Sorry I haven't updated in a while, lost my sister to cancer recently, been a tough few weeks.

The c. helferi is actually doing pretty well... a little bit of die off in the transition from emersed to submerged, but there is new growth and it is getting taller... it's almost overcrowding the tank!

Betta is doing great too. He's too much of a digger though, I'm scared he's going to get himself stuck somewhere.. I'm probably going to rescape the tank without rocks in the near future. It looks awful with all the dirt shoved into the center.

Pictures speak better than words lol -


----------



## Jaguar (Oct 13, 2011)

Here's some more pics of pretty fish:




























Dang I need a real camera. One thing at a time...


----------



## Unikorn (Jun 14, 2012)

I'm sorry to hear about the loss of your sister, hopefully this little betta will bring you some comfort and something to focus on


----------



## SpecGrrl (Jul 26, 2012)

I hope you were able to spend time with your sister and comfort each other.

All good wishes to you and your fishes.


----------



## Jaguar (Oct 13, 2011)

Unikorn said:


> I'm sorry to hear about the loss of your sister, hopefully this little betta will bring you some comfort and something to focus on


Thank you, he does, in a way. My sister loved bettas too, she had two of them.
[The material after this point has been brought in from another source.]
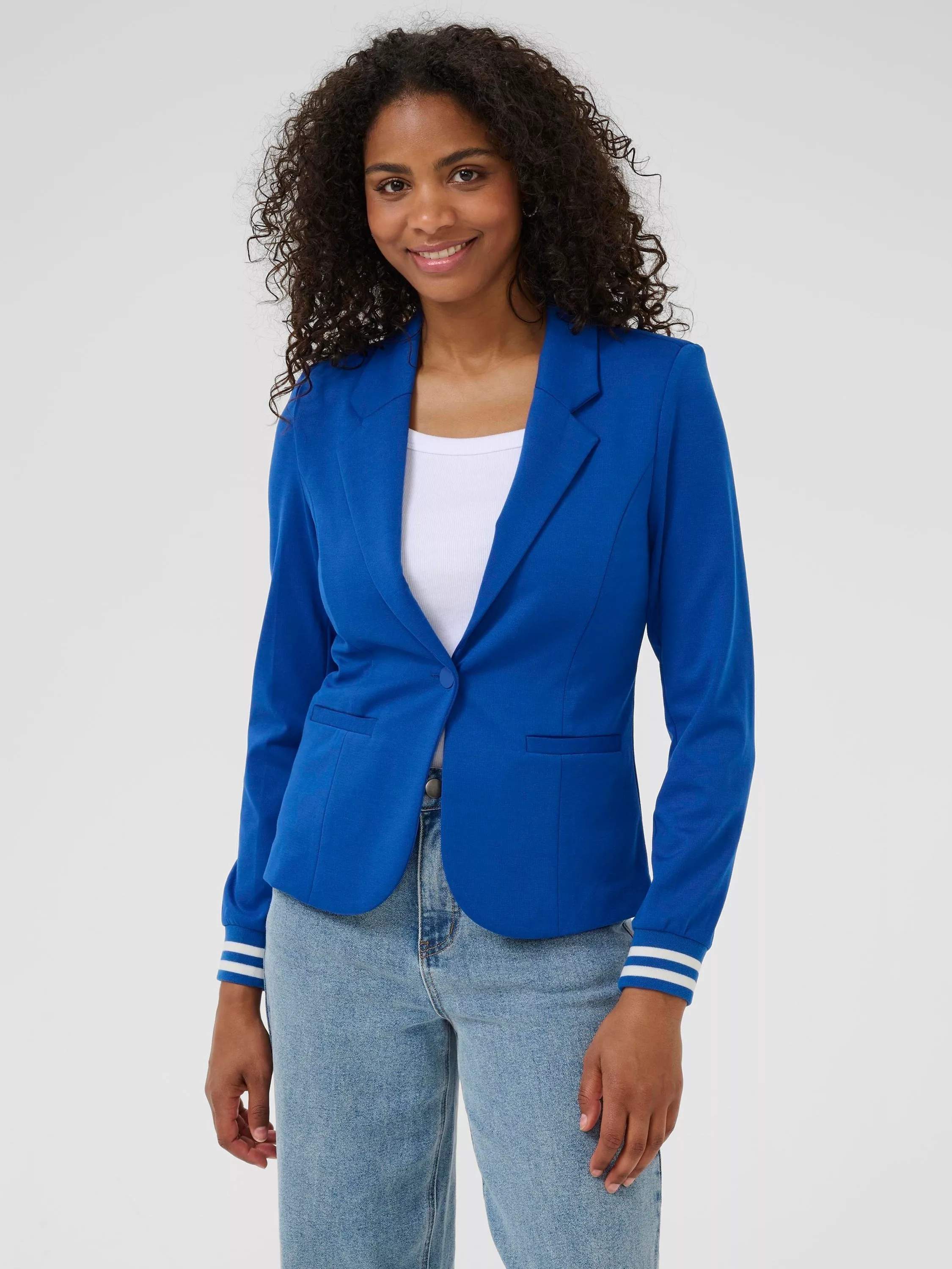 Carefully cut to a sharp silhouette, this blazer from KAFFE is framed with a collar neckline and finished with a stripe detail at the cuff.

Just days before she died, she saw a picture of mine on Facebook and commented that he would look nice with her black one... and asked where his long tail went lol! Unfortunately her bettas got left behind. I couldn't take them on the bus back home with me. I changed their water and wished them the best before I left. I did take her cat, though.


----------



## Jaguar (Oct 13, 2011)

This was me rescaping this tank today-










Anyways I wanted to go with something hardscape-less because my betta likes to move things around and I didn't want him getting hurt on a rock or branch. So there is a bit of HC (which will probably die) and some other boring stem plants. Maybe it will grow in nicely. I will post pics in a bit


----------



## Jaguar (Oct 13, 2011)

Here we go -










I wish I had a real camera. Anyways there's some HC in the front, e. tenellus, downoi, and crypt parva in the mid, and some bacopa, lobelia cardinalis small, and l. repens in the back. Everything is all bent and crooked from floating for a few days when my 10g started leaking. Hopefully it straightens up soon.


----------



## Basil (Jul 11, 2011)

Any new updates?


----------



## Jaguar (Oct 13, 2011)

Nah, sorry. Stock light isn't really strong enough to grow anything, most of the plants look like crap and the tank is going through a diatom outbreak. I can't afford a new light right now so it's just hanging on in the meantime. All my downoi died and I'm a bit bummed.


----------



## SpecGrrl (Jul 26, 2012)

Sorry to hear about your downoi.

*awkward cyber backpatting*


----------



## Jaguar (Oct 13, 2011)

Thanks :'( It will be greatly missed. Stuff melts like ice cream in Death Valley.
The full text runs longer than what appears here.